Methodical editing, well-timed cuts, and a brooding score give McDonagh’s masterwork of a screenplay room to breathe. The story of “Three Billboards” conveys the quiet brutality of human struggle, paced immaculately to let each pain resonate with a rawness that ruins your composure. McDonagh need not preach to convey his message. 

What he communicates is heartbreaking and life giving, a synthesis that is at once impossible and inevitable, given the film’s deep well of empathy for its messed-up characters. McDonagh accomplishes such a feat by means of his renowned genre balance: on one hand, “Three Billboards” is an oppressive drama, exploring how the pursuit of justice will always beget injustice in a broken world. On the other, it’s a comedy, laughing fatalistically at the contradictory nature of it all.
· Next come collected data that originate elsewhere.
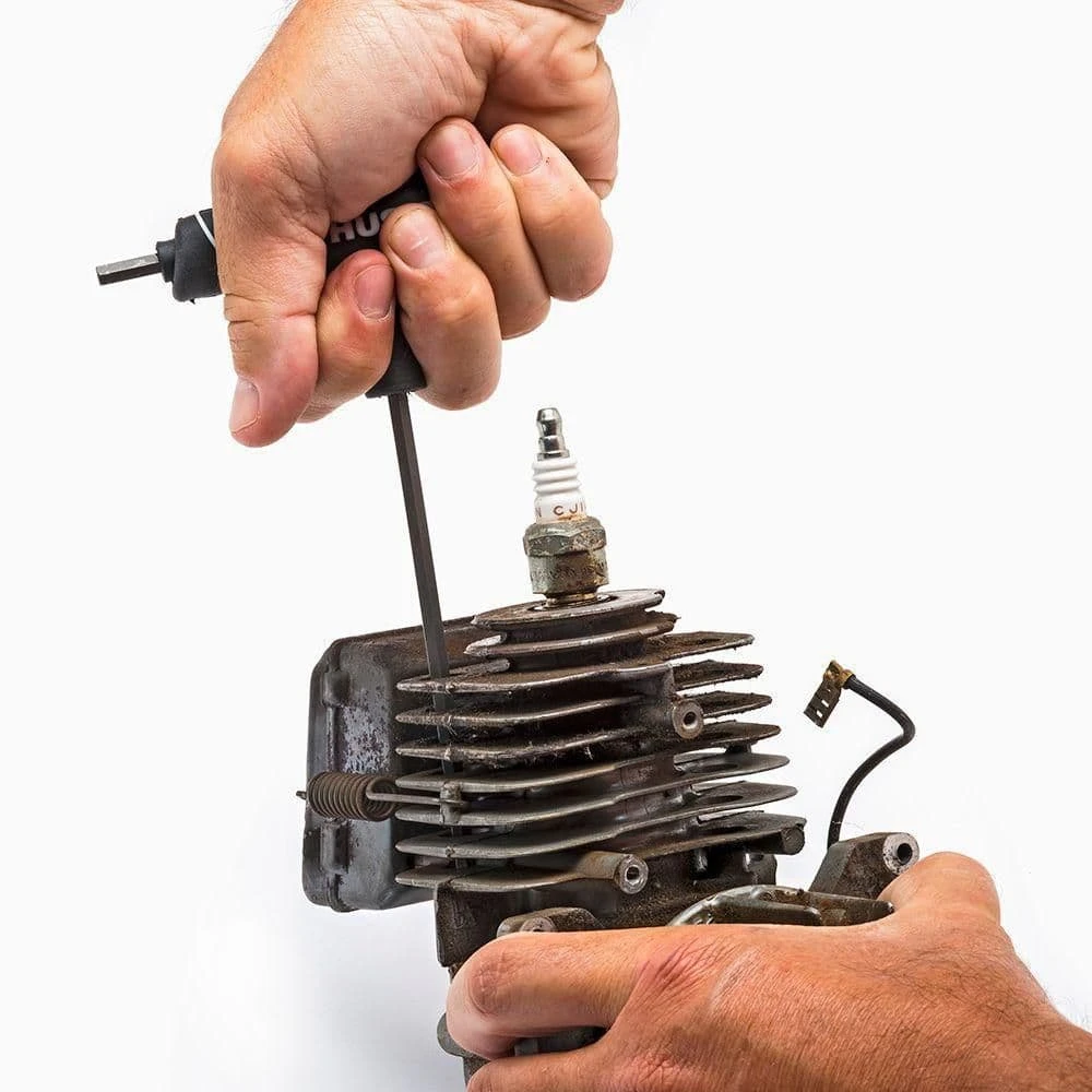 The Husky 43-Piece Hex and Torx Key Set includes hex keys made from alloy steel for long-lasting wear and featuring a chamfered-end design. The Allen wrenches resist rotational distortion and come in a variety of SAE and metric sizes. The finish provides resistance to corrosion while the included caddies help you keep them organized.
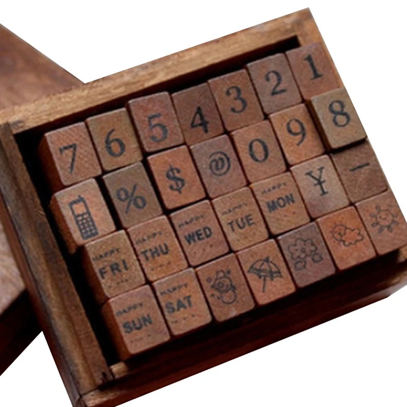 Wooden Rubber Number Stamps 28 Pcs Vintage Wooden Rubber Number Week Weather And Symbols For Crafts Card Making Painting Aliexpress
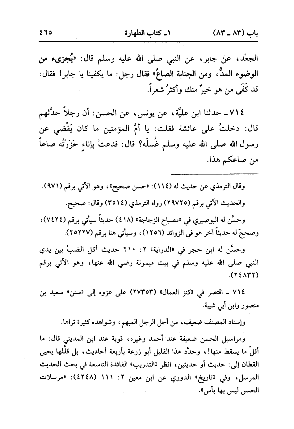 714- حَدَّثَنَا ابْنُ عُلَيَّةَ ، عَنْ يُونُسَ ، عَنِ الْحَسَنِ ؛ أَنَّ رَجُلاً حَدَّثَهُمْ ، قَالَ : دَخَلْتُ عَلَى عَائِشَةَ ، فَقُلْتُ : يَا أُمَّ الْمُؤْمِنِينَ ، مَا كَانَ يَقْضِي عَنْ رَسُولِ اللهِ صَلَّى الله عَلَيْهِ وَسَلَّمَ غُسْلَهُ ؟ قَالَ : فَدَعَتْ بِإِنَاءٍ حَزَرَتْهُ صَاعًا مِنْ صَاعِكُمْ هَذَا. (1/65).

The combination of both hands forms a gesture that beckons us to identify with the film’s characters, as if that’s the only way out of the mire. 

This salvation of understanding is the gospel in the actors’ hearts. The performances that articulate McDonagh’s judicial paradox are extraordinary. Frances McDormand should be an easy choice for Best Actress: her grim determination could only belong to a mother that lost her child; her heartrending fragility could only belong to a mother that lost her child. Woody Harrelson manages to humanize the law and recognize the problem with its enforcement in his role as town sheriff. 

Amidst the merry-go-round of supporting roles—including flawless turns from the likes of Peter Dinklage and Caleb Landry Jones—Sam Rockwell is the mightiest standout. Rockwell has long gone unnoticed as one of the greatest talents of our time, and hopefully he garners more recognition as Officer Dixon. Rockwell both flaunts and fights the character’s flaws, a practice with which we all share an uncomfortable familiarity. 

McDonagh’s dialogue cuts ties and strains relationships, but like life, the film lurches on towards no sensible conclusion. The ache and agony of “Three Billboards” either necessitates divine intervention or strands humanity in the harshness of godless reality. We can’t be sure which, and as McDonagh reveals, that’s kind of funny—if you can see that through watery eyes. As far as I’m concerned, “Three Billboards” is McDonagh’s third perfect film in a row.